Hal ini telah diberitakan oleh Allah di dalam firman-Nya:
وَلَقَدْ بَعَثْنَا فِي كُلِّ أُمَّةٍ رَسُولا أَنِ اعْبُدُوا اللَّهَ
وَاجْتَنِبُوا الطَّاغُوتَ
“Dan sungguh telah Kami utus kepada setiap umat seorang Rasul yang
menyerukan ‘Sembahlah Allah dan jauhilah thaghut (sesembahan selain Allah)'”
(QS. An Nahl: 36)
Bahkan setiap Rasul mengajak kepada kaumnya dengan seruan yang serupa
yaitu, “Wahai kaumku, sembahlah Allah. Tiada sesembahan (yang benar) bagi
kalian selain Dia.” (lihat QS. Al A’raaf: 59, 65, 73 dan 85). Inilah seruan
yang diucapkan oleh Nabi Nuh, Hud, Shalih, Syu’aib dan seluruh Nabi-Nabi kepada
kaum mereka.
Nabi shallallahu ‘alaihi wa sallam menetap di Mekkah sesudah beliau
diutus sebagai Rasul selama 13 tahun mengajak orang-orang supaya mau bertauhid
(mengesakan Allah dalam beribadah) dan demi memperbaiki akidah. Hal itu
dikarenakan akidah adalah fondasi tegaknya bangunan agama. Para dai penyeru
kebaikan telah menempuh jalan sebagaimana jalannya para nabi dan Rasul dari
jaman ke jaman. Mereka selalu memulai dakwah dengan ajaran tauhid dan perbaikan
akidah kemudian sesudah itu mereka menyampaikan berbagai permasalahan agama
yang lainnya (lihat At Tauhid Li Shaffil Awwal Al ‘Aali, hal. 9-10).
D. Akidah
yang Salah (Aqidah Bathilah)
Penyimpangan dari akidah yang benar
adalah sumber petaka dan bencana. Seseorang yang tidak mempunyai akidah yang
benar maka sangat rawan termakan oleh berbagai macam keraguan dan kerancuan
pemikiran, sampai-sampai apabila mereka telah berputus asa maka mereka pun
mengakhiri hidupnya dengan cara yang sangat mengenaskan yaitu dengan bunuh
diri. Sebagaimana pernah kita dengar ada remaja atau pemuda yang gantung diri
gara-gara diputus pacarnya.
Begitu pula sebuah masyarakat yang tidak
dibangun di atas fondasi akidah yang benar akan sangat rawan terbius berbagai
kotoran pemikiran materialisme (segala-galanya diukur dengan materi), sehingga
apabila mereka diajak untuk menghadiri pengajian-pengajian yang membahas ilmu
agama mereka pun malas karena menurut mereka hal itu tidak bisa menghasilkan
keuntungan materi. Jadilah mereka budak-budak dunia, shalat pun mereka
tinggalkan, masjid-masjid pun sepi seolah-olah kampung di mana masjid itu
berada bukan kampungnya umat Islam. Alangkah memprihatinkan, wallaahul musta’aan
(disadur dari At Tauhid Li Shaffil Awwal Al ‘Aali, hal. 12)
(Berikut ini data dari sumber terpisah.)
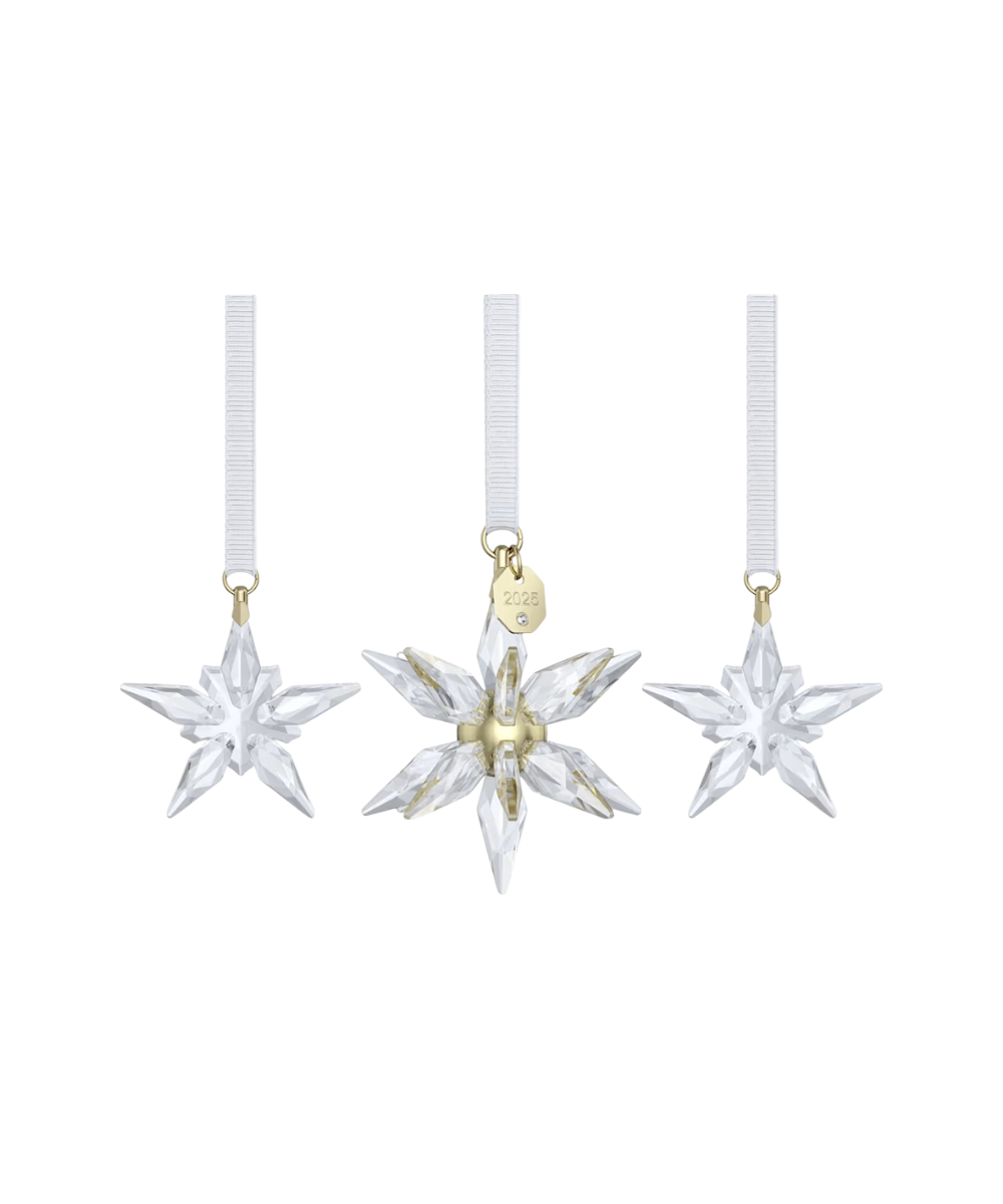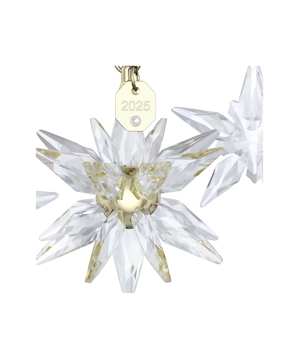 This Annual Edition 3D Ornament Set will bring light-filled magic to any festive décor. The glowing trio for 2025 is inspired by the serenity of the night sky and features an Annual Edition 3D Ornament and two Little Star ornaments. In total, the set is crafted with 773 precision-cut facets, with each piece suspended from a white grosgrain ribbon with champagne gold-tone plated accents including an engraved ‘2025’ tag on the large 3D star. A wonderful compilation of decorations to illuminate your tree or make a radiant centerpiece for your holiday celebrations. Decoration object. Not a toy. Not suitable for children under 15.
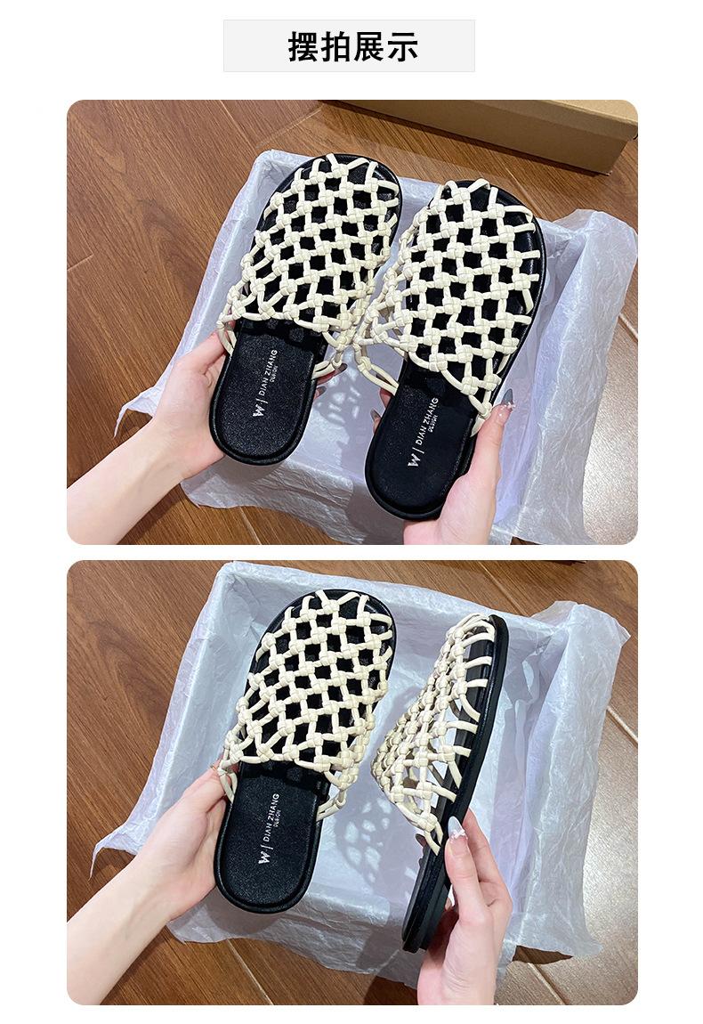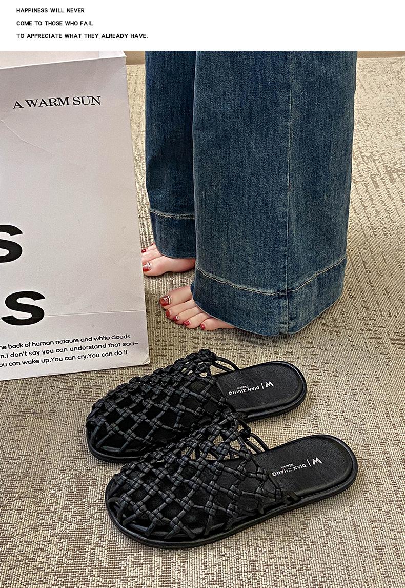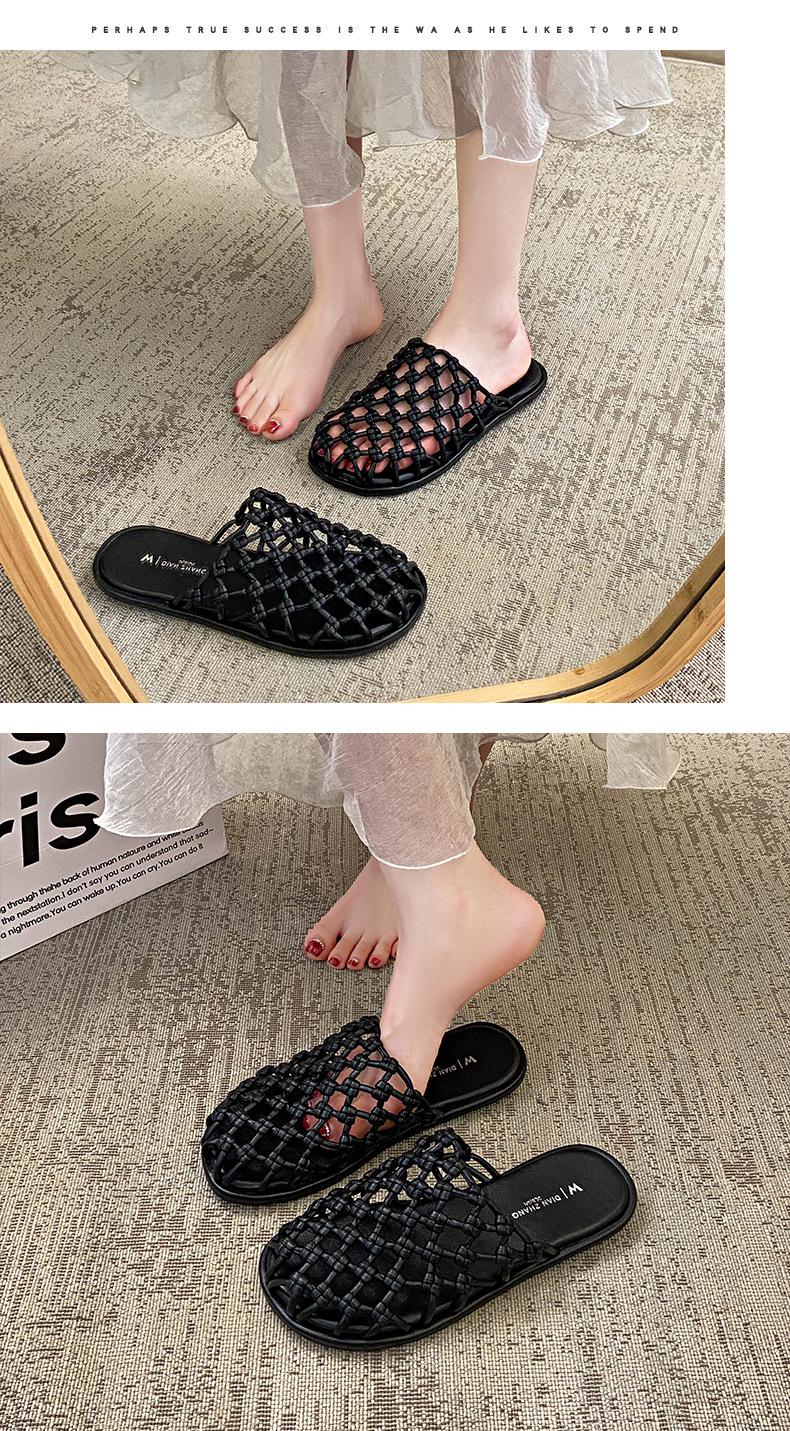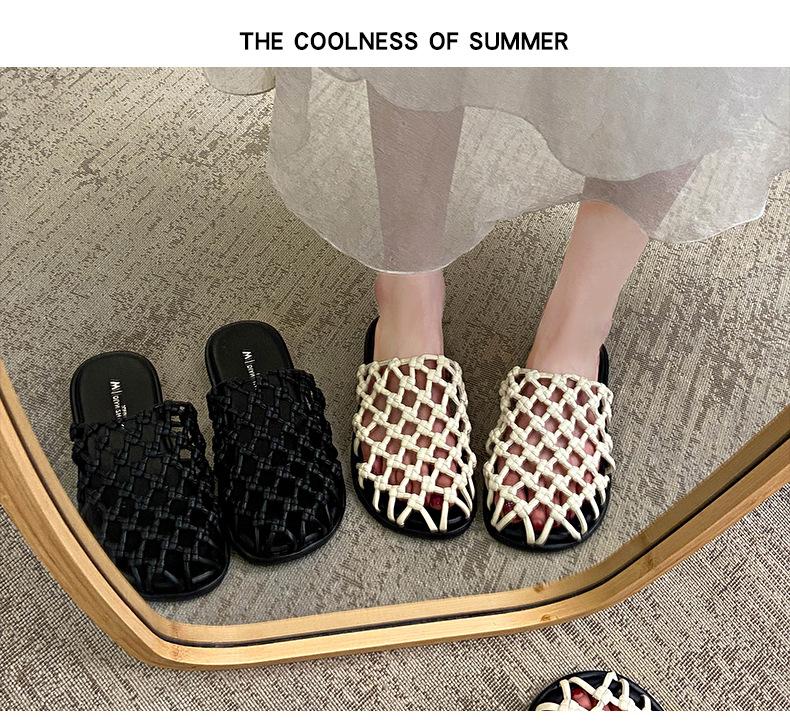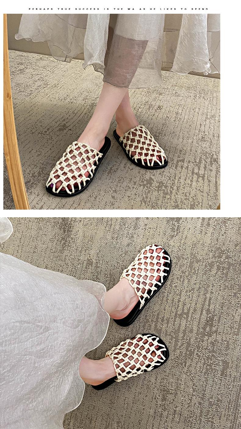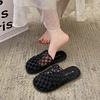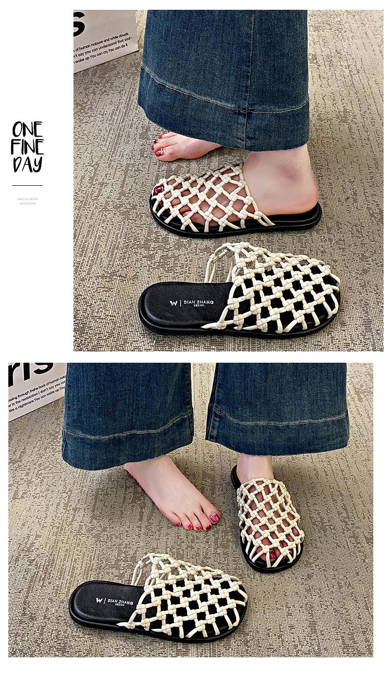 Verano 2025 Cuero Sintético Punta Redonda Retro Punta Cerrada Nudo Trenzado Pantuflas Planas Sandalias Casuales de Playa
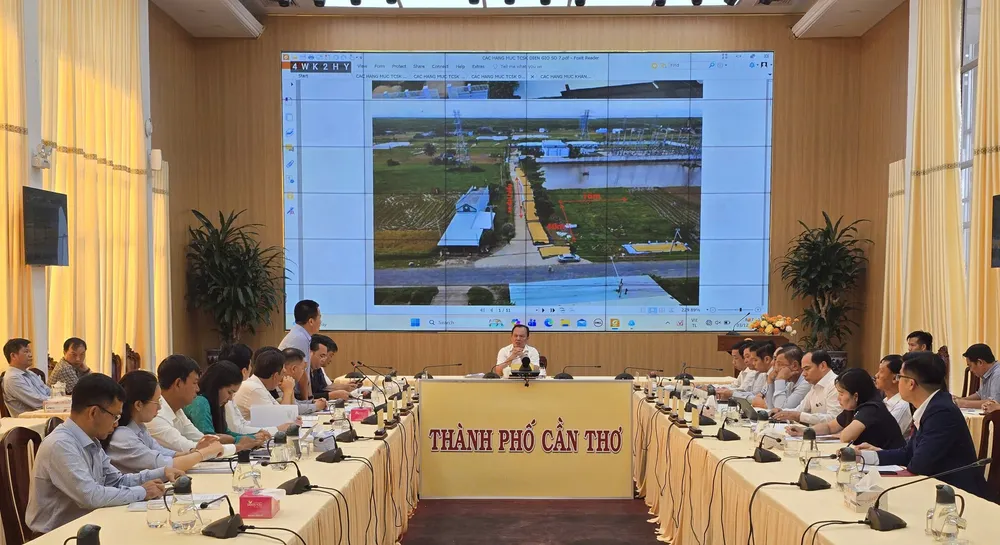 UBND TP Cần Thơ nghe báo cáo về các dự án, công trình của TP đồng loạt khánh thành, khởi công chào mừng Đại hội XIV của Đảng. Ảnh: CTV

Oleh karena peranannya yang sangat
penting ini maka kita juga harus mengetahui sebab-sebab penyimpangan dari
akidah yang benar. Di antara penyebab itu adalah:
1.
Bodoh terhadap prinsip-prinsip akidah
yang benar. Hal ini bisa terjadi karena sikap tidak mau mempelajarinya, tidak
mau mengajarkannya, atau karena begitu sedikitnya perhatian yang dicurahkan
untuknya. Ini mengakibatkan tumbuhnya sebuah generasi yang tidak memahami
akidah yang benar dan tidak mengerti perkara-perkara yang bertentangan
dengannya, sehingga yang benar dianggap batil dan yang batil pun dianggap
benar. Hal ini sebagaimana pernah disinggung oleh Umar bin Khaththab
radhiyallahu ‘anhu, “Jalinan agama Islam itu akan terurai satu persatu, apabila
di kalangan umat Islam tumbuh sebuah generasi yang tidak mengerti hakikat
jahiliyah.”
2.
Ta’ashshub (fanatik) kepada nenek moyang
dan tetap mempertahankannya meskipun hal itu termasuk kebatilan, dan
meninggalkan semua ajaran yang bertentangan dengan ajaran nenek moyang walaupun
hal itu termasuk kebenaran. Keadaan ini seperti keadaan orang-orang kafir yang
dikisahkan Allah di dalam ayat-Nya, “Dan apabila dikatakan kepada mereka:
‘Ikutilah wahyu yang diturunkan Tuhan kepada kalian!’ Mereka justru mengatakan,
‘Tidak, tetapi kami tetap akan mengikuti apa yang kami dapatkan dari
nenek-nenek moyang kami’ (Allah katakan) Apakah mereka akan tetap mengikutinya
meskipun nenek moyang mereka itu tidak memiliki pemahaman sedikit pun dan juga
tidak mendapatkan hidayah?” (QS. Al Baqarah: 170)
3.
Taklid buta (mengikuti tanpa landasan
dalil). Hal ini terjadi dengan mengambil pendapat-pendapat orang dalam
permasalahan akidah tanpa mengetahui landasan dalil dan kebenarannya. Inilah
kenyataan yang menimpa sekian banyak kelompok-kelompok sempalan seperti kaum
Jahmiyah, Mu’tazilah dan lain sebagainya. Mereka mengikuti saja perkataan
tokoh-tokoh sebelum mereka padahal mereka itu sesat. Maka mereka juga
ikut-ikutan menjadi tersesat, jauh dari pemahaman akidah yang benar.
4.
Berlebih-lebihan dalam menghormati para
wali dan orang-orang saleh. Mereka mengangkatnya melebihi kedudukannya sebagai
manusia. Hal ini benar-benar terjadi hingga ada di antara mereka yang meyakini
bahwa tokoh yang dikaguminya bisa mengetahui perkara gaib, padahal ilmu gaib
hanya Allah yang mengetahuinya. Ada juga di antara mereka yang berkeyakinan
bahwa wali yang sudah mati bisa mendatangkan manfaat, melancarkan rezeki dan
bisa juga menolak bala dan musibah. Jadilah kubur-kubur wali ramai dikunjungi
orang untuk meminta-minta berbagai hajat mereka. Mereka beralasan hal itu
mereka lakukan karena mereka merasa sebagai orang-orang yang banyak dosanya,
sehingga tidak pantas menghadap Allah sendirian. Karena itulah mereka
menjadikan wali-wali yang telah mati itu sebagai perantara. Padahal perbuatan
semacam ini jelas-jelas dilarang oleh Rasulullah shallallahu ‘alaihi wa sallam.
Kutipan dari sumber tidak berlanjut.